### Provided data
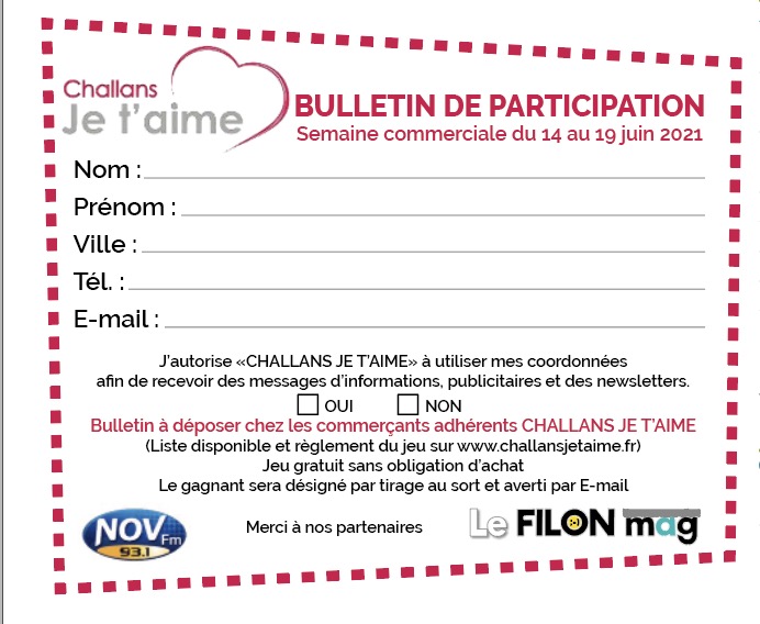 Découpez le bulletin de participation dans le magazine LE FILON MAG de juin et déposez-le chez les commerçants adhérents CHALLANS JE T'AIME. Le tirage au sort aura lieu jeudi 24 juin à la Maison du commerce (les heureux gagnants seront avertis par mail).
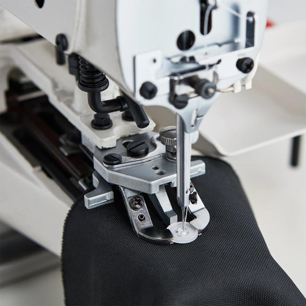 The 8100BS direct drive motor allows you to program the speed of the machine. This eliminates unwanted thread burn and allows for a more precise button sewing experience.
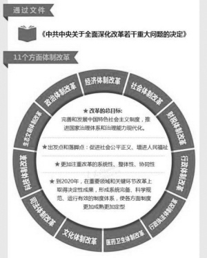 全会审议通过了《中共中央关于全面深化改革若干重大问题的决定》。全会要求,到2020年,在重要领域和关键环节改革上取得决定性成果,形成系统完备、科学规范、运行有效的制度体系,使各方面制度更加成熟更加定型。
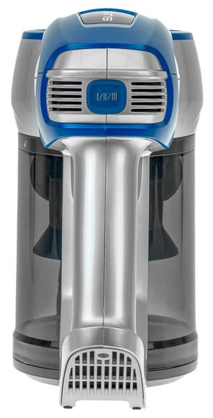 Решетки выпускного отверстия расположены в торце моторного блока, обращенного к пользователю. Между ними находится синяя кнопка, регулирующая мощность всасывания.
######
[Work required] Repeat the listing exactly; do not print any picture.

[Written solution]
 Découpez le bulletin de participation dans le magazine LE FILON MAG de juin et déposez-le chez les commerçants adhérents CHALLANS JE T'AIME. Le tirage au sort aura lieu jeudi 24 juin à la Maison du commerce (les heureux gagnants seront avertis par mail).
 The 8100BS direct drive motor allows you to program the speed of the machine. This eliminates unwanted thread burn and allows for a more precise button sewing experience.
 全会审议通过了《中共中央关于全面深化改革若干重大问题的决定》。全会要求,到2020年,在重要领域和关键环节改革上取得决定性成果,形成系统完备、科学规范、运行有效的制度体系,使各方面制度更加成熟更加定型。
 Решетки выпускного отверстия расположены в торце моторного блока, обращенного к пользователю. Между ними находится синяя кнопка, регулирующая мощность всасывания.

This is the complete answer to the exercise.